MATERIAL PROVIDED section start
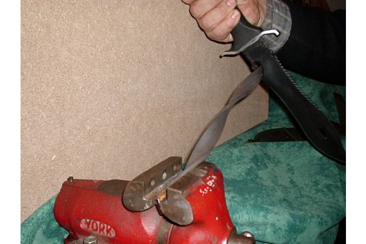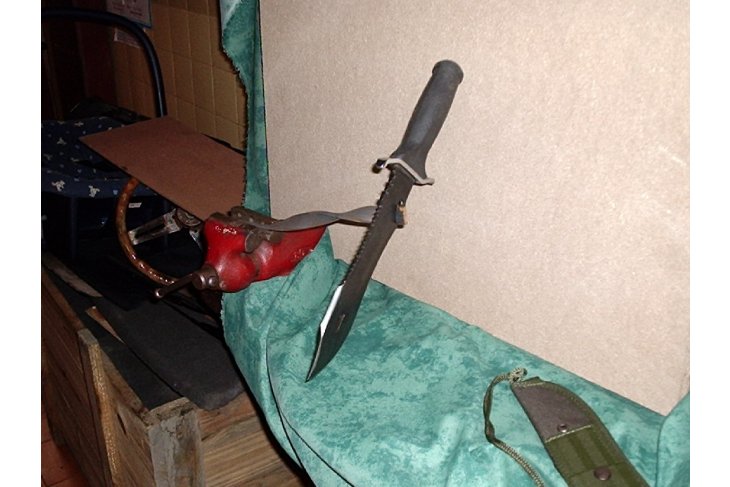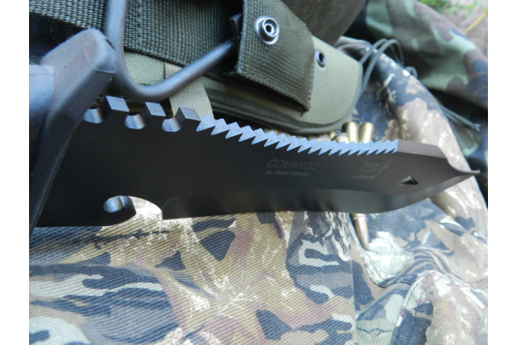 3)Serrucho del lomo: Con el mismo en forma de dientede sierra convencional,puede aserrarce,utilizando el gancho como punto de apoyo sobre la parte delantera de la hoja,todo tipo de metales y maderas,inclusive hierros ,sobrepasó con éxito el aserrado de una barra de 25 mmm de diámetro de hierro dulce,obviamente la velocidad de corte no se puede comparar con la de una sierra convencional pero la perfomance esta disponible para el caso de una necesidad
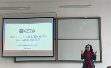 占俊英教授讲座的主题为“关注时事对标学科前沿与课题申报指导”。占教授结合自身申报经验,从选题、申报书撰写等方面进行了指导。认为好的选题是高度概括的,体现作者的学术功底、学科意识、方法论意识等。通过选题实例介绍了如何从翻译学、语言学、外语教育视角切入大数据、人工智能、国家安全、企业形象、国家形象、品牌翻译等热门研究领域进行研究。鼓励老师们在新文科视野下,从自身的研究兴趣和研究方向出发,结合时事热点,对标学科前沿,深挖现有研究课题,形成高质量选题。随后,占教授对项目申报书中的文献综述、研究方法等进行了具体的指导。讲座深入浅出,既有理论高度,又有现实指导性,让与会教师们备受鼓舞。
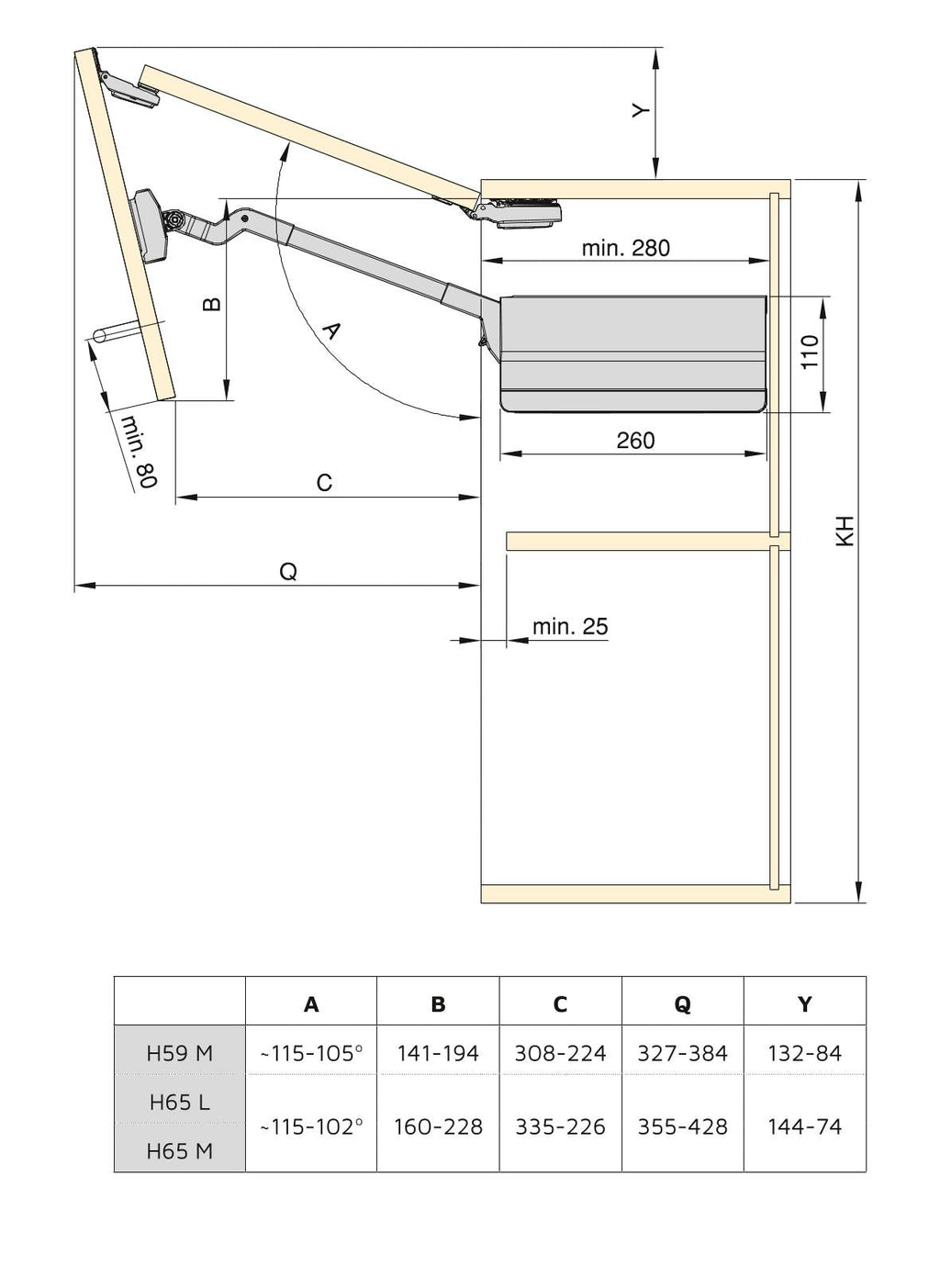 Kit braccetto per doppio porte sollevabile di armadi superiori con frontali divisi, ideale per l'installazione in cucina e mobili per la Casa. Si distingue per il suo funzionamento fluido e preciso, non ha bisogno di alcun attrezzo per lo smontaggio della porta grazie al suo facile sistema di aggancio.
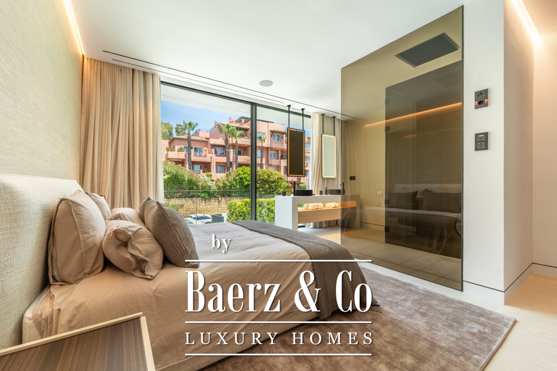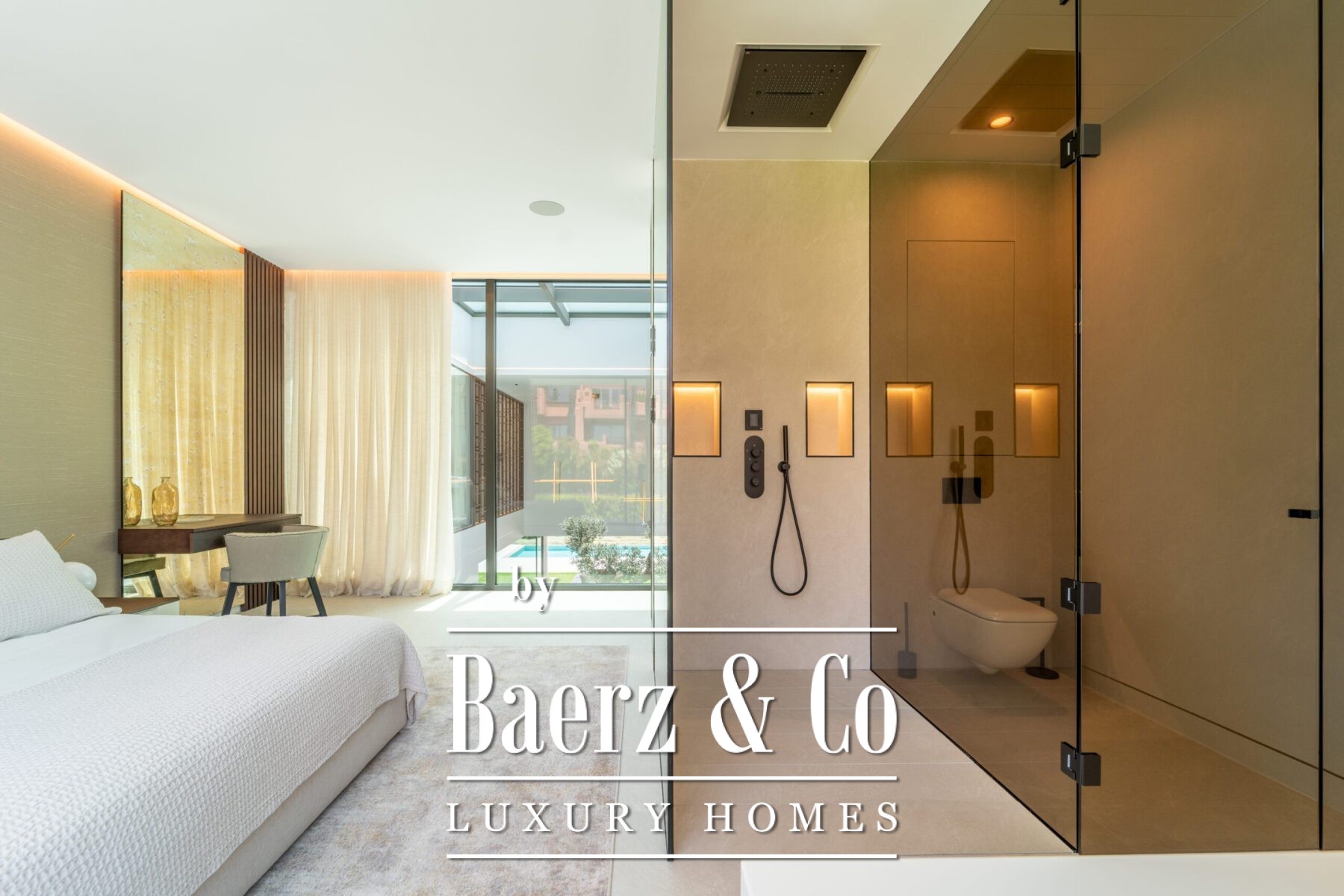 Refinada en cada detalle, la propiedad dispone de cinco dormitorios en suite y cinco baños, con cada espacio concebido para armonizar con la luz andaluza y las vistas del mar Mediterráneo. La planta principal presume de una generosa zona de salón y comedor, acceso directo a la terraza y una cocina totalmente equipada conectada con los jardines y dos piscinas privadas. En la planta superior, cada dormitorio disfruta de terrazas privadas, destacando la suite principal por su espacioso vestidor y vistas panorámicas al mar que se extienden a lo largo de la Milla de Oro.
MATERIAL PROVIDED section end
YOUR OBJECTIVE → Starting with the line that contains "Kit braccetto per", repeat each line exactly through the last line of the data above, and nothing more; the pictures stay out.

ANSWER →
 Kit braccetto per doppio porte sollevabile di armadi superiori con frontali divisi, ideale per l'installazione in cucina e mobili per la Casa. Si distingue per il suo funzionamento fluido e preciso, non ha bisogno di alcun attrezzo per lo smontaggio della porta grazie al suo facile sistema di aggancio.
 Refinada en cada detalle, la propiedad dispone de cinco dormitorios en suite y cinco baños, con cada espacio concebido para armonizar con la luz andaluza y las vistas del mar Mediterráneo. La planta principal presume de una generosa zona de salón y comedor, acceso directo a la terraza y una cocina totalmente equipada conectada con los jardines y dos piscinas privadas. En la planta superior, cada dormitorio disfruta de terrazas privadas, destacando la suite principal por su espacioso vestidor y vistas panorámicas al mar que se extienden a lo largo de la Milla de Oro.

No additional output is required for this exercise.